Detailed description of the invention
For the optical coherence polarimeter of the optical noise inhibition that the present invention relates to of explanation clearly, in conjunction with the embodiments andThe invention will be further described for accompanying drawing, but should not limit the scope of the invention with this.
Optical coherence polarimeter as shown in Figure 1, select as follows by the parameter of concrete device:
(1) the centre wavelength 1550nm of wideband light source 11, half spectral width is greater than 45nm, and fiber power is greater than 2mW, light sourceSpectrum ripple < 0.05dB (be approximately-60dB of peak amplitude), the light path scope 4~7mm at relevant peak;
(2) 2/98 fiber coupler 12 operation wavelength 1550nm, splitting ratio 2:98;
(3) fibre optic isolater 16 operation wavelength 1550nm, insertion loss 0.8dB, isolation > 45dB;
(4) operation wavelength of the optical fiber polarizer 17, optical fiber analyzer 31 is 1550nm, and extinction ratio is 30dB, insertion lossBe less than 1dB;
(5) fiber optical circulator 33 is three-port circulator, insertion loss 1dB, and return loss is greater than 55dB;
(6) operation wavelength of fiber coupler 342 is 1310/1550nm, splitting ratio 50:50;
(7) operation wavelength of first, second collimation lens 351,353 is 1550nm, it and corner reflector 352 (reflectivityBe more than 92%) between light path scanning distance between 0~200mm, change greatly, average insertion loss is 2.0dB, lossIn fluctuation ± 0.2dB, and corner reflector 352 is approximately in the time of 100mm position, Michelson type light path correlator 34Fixed arm 343 and the optical path difference of scan arm 346 be approximately zero;
(8) operation wavelength of first, second Faraday polarization apparatus is 1550nm, 90 ° of optically-active angles, and angular error ± 1 °,Insertion loss 0.8dB, return loss is greater than 55dB;
(9) the operation wavelength 1550nm of fibre optic attenuator, insertion loss 2dB;
(10) light-sensitive material of first, second differential detector 361 and 362 is InGaAs, and optical detection scope is1100~1700nm, responsiveness is greater than 0.85;
(12) first, second, third polarization state controllers 32,344,347 can be selected the full optical fiber controller of tricyclic, itsStructure as shown in Figure 4; Also can select to push twist mode optical fiber polarisation state controller, its structure as shown in Figure 5;
(13) device under test 2 is chosen as Y waveguide, and operation wavelength is 1550nm, the fast axle of waveguide tail optical fiber and waveguide chip fastAxle is aimed at, waveguide chip length 30mm.
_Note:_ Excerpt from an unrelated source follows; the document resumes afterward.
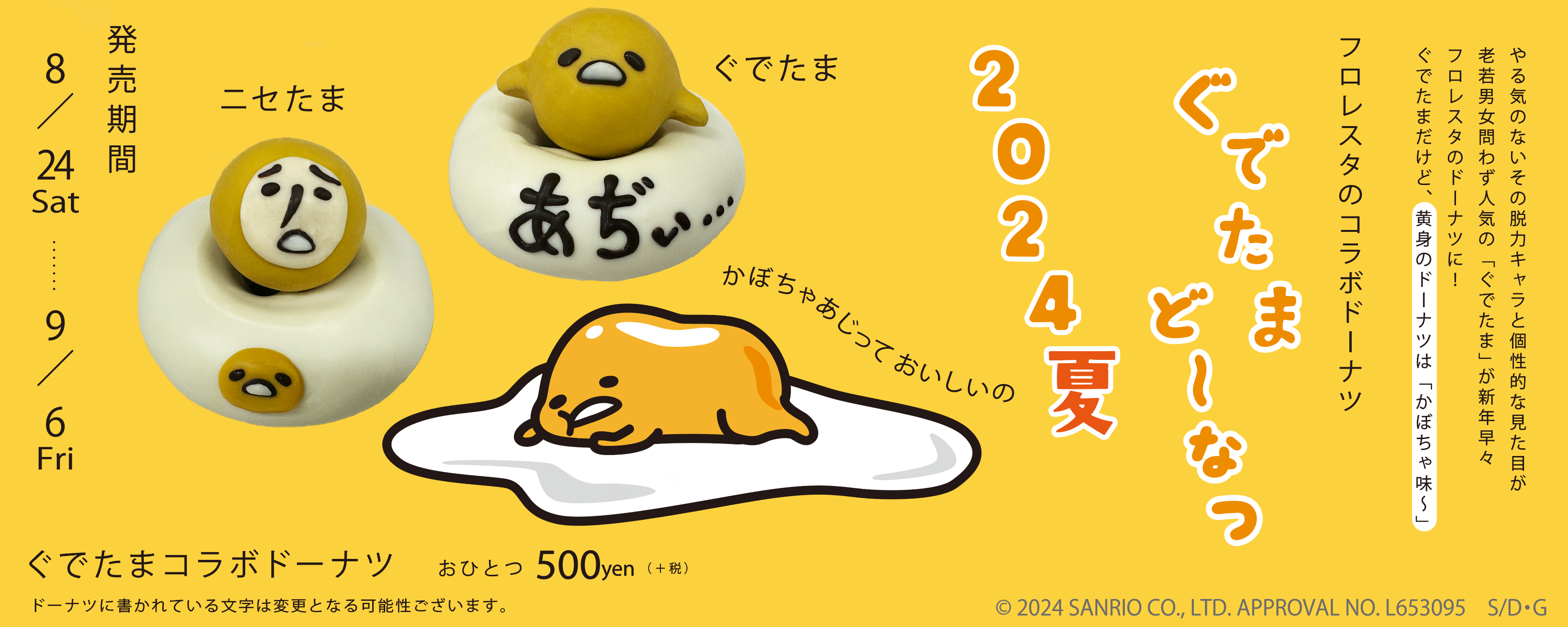 8月24日から9月6日までの期間限定で、「ぐでたま」コラボドーナツを販売いたします。ぐでたまの愛くるしさをそのままドーナツに致しました。

The course of work of measurement mechanism is as follows:
The light splitting of the output light process fiber coupler 12 of wide spectrum light source 11, the isolation of fibre optic isolater 16 and the polarizer 17After polarization, become line polarisation, more partially input 45 ° of tail optical fiber 21 to axle solder joint through protecting inclined to one side output optical fibre 18 and the guarantor of Y waveguide 2,Light energy is injected in the fast and slow axis of waveguide chip 2D to be measured equably, and optical signal is divided into two bundles, transmits respectively at 2B and 2CIn; Inject tail optical fiber 22 from the flashlight of the first output channel 2B of Y waveguide, and through 45 ° of solder joints of tail optical fiber 311,In optical fiber analyzer 31 mix, then the first polarization state controller 32 and optical fiber circulator 33 laggard enter light path correlator 34.
Evenly be divided into two bundles from the flashlight fast, slow axis of Y waveguide 2 by fiber coupler 342, a branch of transmission is inclined to one side by secondIn the fixed arm 343 that the state of shaking controller 344 and the first Faraday polarization apparatus 345 form, a branch of transmission is by the first collimation in additionDevice 351, corner reflector 352, the second optics collimator 353, the 3rd Polarization Controller 347, the second Faraday mirror 348In the scan arm 346 of composition. In the time that corner reflector 352 motions realize light path scanning, the fixed arm of light path correlator 34 and scanningWhen the optical path difference producing between arm matches from the signal transmission with different optical path differences to be measured, interference signal differential detector 36To export white light interference signal. Its interference peak is directly proportional to the amplitude of optical signal to be measured, the light path scanning position that its peak value is correspondingBe directly proportional to the light path for the treatment of sidelight signal.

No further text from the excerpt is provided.